Zulieferindustrie

Busch ringt um Kontrolle beim Zulieferer Pfeiffer: Jetzt wird Finanzaufsicht aktiv

Die deutsche Finanzaufsicht Bafin nimmt die Aktienkäufe des Vakuumpumpen-Herstellers Busch bei seinem Konkurrenten Pfeiffer Vacuum unter die Lupe. Es geht auch um Fragen über eine mögliche Marktmanipulation. Busch strebt die Machtübernahme bei Pfeiffer an.

Im Übernahmepoker um den deutschen Vakuumpumpen-Spezialisten Pfeiffer Vacuum nimmt die Finanzaufsicht BaFin die Aktienkäufe des Konkurrenten Busch unter die Lupe. Man überprüfe routinemäßig den Erwerb der Papiere durch Busch, sagte eine BaFin-Sprecherin.

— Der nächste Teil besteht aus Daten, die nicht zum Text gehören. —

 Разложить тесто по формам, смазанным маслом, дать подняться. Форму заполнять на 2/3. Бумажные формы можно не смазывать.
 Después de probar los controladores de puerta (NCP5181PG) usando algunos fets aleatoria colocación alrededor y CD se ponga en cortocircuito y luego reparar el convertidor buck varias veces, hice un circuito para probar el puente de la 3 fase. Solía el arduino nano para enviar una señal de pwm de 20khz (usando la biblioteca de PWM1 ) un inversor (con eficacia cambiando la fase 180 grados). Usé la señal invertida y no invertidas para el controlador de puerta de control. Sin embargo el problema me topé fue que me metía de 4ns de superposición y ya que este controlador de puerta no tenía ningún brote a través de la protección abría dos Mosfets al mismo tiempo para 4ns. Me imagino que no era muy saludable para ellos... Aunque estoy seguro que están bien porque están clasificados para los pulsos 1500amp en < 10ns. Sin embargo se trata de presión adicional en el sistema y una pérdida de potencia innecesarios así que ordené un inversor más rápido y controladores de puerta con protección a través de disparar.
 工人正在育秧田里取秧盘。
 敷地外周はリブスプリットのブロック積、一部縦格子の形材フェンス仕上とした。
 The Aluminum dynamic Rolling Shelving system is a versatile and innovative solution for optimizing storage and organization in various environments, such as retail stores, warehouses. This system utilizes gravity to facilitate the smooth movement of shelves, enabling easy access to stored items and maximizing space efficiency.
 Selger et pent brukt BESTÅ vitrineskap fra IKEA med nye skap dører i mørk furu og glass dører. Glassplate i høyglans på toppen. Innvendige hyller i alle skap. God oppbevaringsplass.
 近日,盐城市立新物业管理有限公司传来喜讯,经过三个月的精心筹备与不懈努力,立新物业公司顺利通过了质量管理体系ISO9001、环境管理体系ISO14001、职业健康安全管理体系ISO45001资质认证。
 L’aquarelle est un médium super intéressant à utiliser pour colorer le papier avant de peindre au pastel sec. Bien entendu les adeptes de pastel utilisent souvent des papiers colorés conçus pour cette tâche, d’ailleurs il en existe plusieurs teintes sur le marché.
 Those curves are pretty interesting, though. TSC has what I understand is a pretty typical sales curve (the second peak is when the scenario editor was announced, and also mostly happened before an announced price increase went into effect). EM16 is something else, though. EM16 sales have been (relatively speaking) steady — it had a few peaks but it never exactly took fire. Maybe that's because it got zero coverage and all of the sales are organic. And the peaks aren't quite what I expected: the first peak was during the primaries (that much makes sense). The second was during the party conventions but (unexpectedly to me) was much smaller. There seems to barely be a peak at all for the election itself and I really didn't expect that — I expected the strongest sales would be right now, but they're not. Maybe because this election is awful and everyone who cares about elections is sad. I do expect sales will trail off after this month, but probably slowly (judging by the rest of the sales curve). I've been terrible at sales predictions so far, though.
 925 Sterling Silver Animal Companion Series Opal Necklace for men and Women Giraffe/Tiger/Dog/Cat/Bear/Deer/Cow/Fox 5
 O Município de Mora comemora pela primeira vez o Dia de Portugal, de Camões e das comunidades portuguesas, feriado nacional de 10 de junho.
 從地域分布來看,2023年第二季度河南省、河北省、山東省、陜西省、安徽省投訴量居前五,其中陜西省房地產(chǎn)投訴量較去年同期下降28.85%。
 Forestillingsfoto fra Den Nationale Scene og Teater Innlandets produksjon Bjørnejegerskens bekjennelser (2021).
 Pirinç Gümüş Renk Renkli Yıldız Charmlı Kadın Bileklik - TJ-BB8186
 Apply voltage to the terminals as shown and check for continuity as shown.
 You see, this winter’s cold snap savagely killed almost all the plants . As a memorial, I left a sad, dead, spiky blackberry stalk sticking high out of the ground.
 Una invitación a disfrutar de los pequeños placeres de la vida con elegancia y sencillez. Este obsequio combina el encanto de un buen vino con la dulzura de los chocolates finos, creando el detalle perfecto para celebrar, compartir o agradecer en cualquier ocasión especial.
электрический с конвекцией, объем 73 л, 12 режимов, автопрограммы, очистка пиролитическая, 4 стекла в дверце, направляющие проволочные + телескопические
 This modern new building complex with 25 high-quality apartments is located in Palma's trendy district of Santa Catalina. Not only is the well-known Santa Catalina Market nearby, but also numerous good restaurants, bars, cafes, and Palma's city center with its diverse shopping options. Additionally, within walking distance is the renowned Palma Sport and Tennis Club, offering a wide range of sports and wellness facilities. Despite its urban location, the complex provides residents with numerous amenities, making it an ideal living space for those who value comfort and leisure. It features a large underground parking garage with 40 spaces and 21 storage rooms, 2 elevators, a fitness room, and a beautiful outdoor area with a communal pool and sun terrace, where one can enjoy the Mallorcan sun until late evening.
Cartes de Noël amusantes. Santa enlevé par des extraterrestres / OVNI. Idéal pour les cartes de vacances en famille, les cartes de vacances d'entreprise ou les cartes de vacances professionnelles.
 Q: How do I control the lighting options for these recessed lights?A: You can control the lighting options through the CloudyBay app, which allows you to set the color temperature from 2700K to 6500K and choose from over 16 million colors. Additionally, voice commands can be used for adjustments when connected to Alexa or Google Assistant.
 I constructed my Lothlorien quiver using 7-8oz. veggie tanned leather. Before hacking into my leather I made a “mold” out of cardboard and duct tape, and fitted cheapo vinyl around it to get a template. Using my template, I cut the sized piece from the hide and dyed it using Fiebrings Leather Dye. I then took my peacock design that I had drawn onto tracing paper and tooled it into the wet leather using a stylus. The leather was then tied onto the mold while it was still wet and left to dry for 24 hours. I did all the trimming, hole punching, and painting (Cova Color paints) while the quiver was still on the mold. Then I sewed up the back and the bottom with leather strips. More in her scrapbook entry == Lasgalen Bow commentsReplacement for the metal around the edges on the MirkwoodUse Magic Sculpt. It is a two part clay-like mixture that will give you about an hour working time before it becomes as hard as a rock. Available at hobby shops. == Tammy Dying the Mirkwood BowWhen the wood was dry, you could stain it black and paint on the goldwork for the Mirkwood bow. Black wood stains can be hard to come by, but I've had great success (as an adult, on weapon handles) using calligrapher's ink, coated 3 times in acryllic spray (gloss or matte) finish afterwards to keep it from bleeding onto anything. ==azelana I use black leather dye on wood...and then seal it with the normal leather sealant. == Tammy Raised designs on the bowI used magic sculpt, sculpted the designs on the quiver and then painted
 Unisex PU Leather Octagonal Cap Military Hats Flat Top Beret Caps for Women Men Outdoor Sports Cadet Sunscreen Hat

Die Behörde prüft nach eigenen Angaben, ob die Busch-Gruppe rechtzeitig den Kauf von Pfeiffer-Aktien gemeldet hat. Investoren sind zur Bekanntgabe verpflichtet, sobald sie mehr als drei, fünf oder zehn Prozent der Anteile eines börsennotierten Unternehmens halten.

Offene Fragen auch über eine mögliche Marktmanipulation

Zudem geht die Behörde der Frage einer möglichen Marktmanipulation nach. Busch aus Maulburg in Baden-Württemberg hatte nach dem Erwerb von 15 Prozent an dem Konkurrenten im September 2015 zunächst erklärt, man verfolge lediglich finanzielle Absichten und wolle den Anteil nicht auf über 30 Prozent ausbauen. Im November gab Busch bekannt, strategische Ziele anzupeilen und die Zusammensetzung des Aufsichtsrats mitbestimmen zu wollen. Eine derart grundlegende Änderung der Absichten eines Aktionärs innerhalb weniger Wochen sei ungewöhnlich, schrieb die "Wirtschaftswoche".

Zuletzt hielt Busch gut 30 Prozent der Anteile an Pfeiffer Vacuum. Die Baden-Württemberger bieten 110 Euro je Aktie. Vorstand und Aufsichtsrat des im deutschen TecDax notierten Konzerns lehnen das Übernahmeangebot seit längerer Zeit als zu niedrig ab. (dpa/apa/red)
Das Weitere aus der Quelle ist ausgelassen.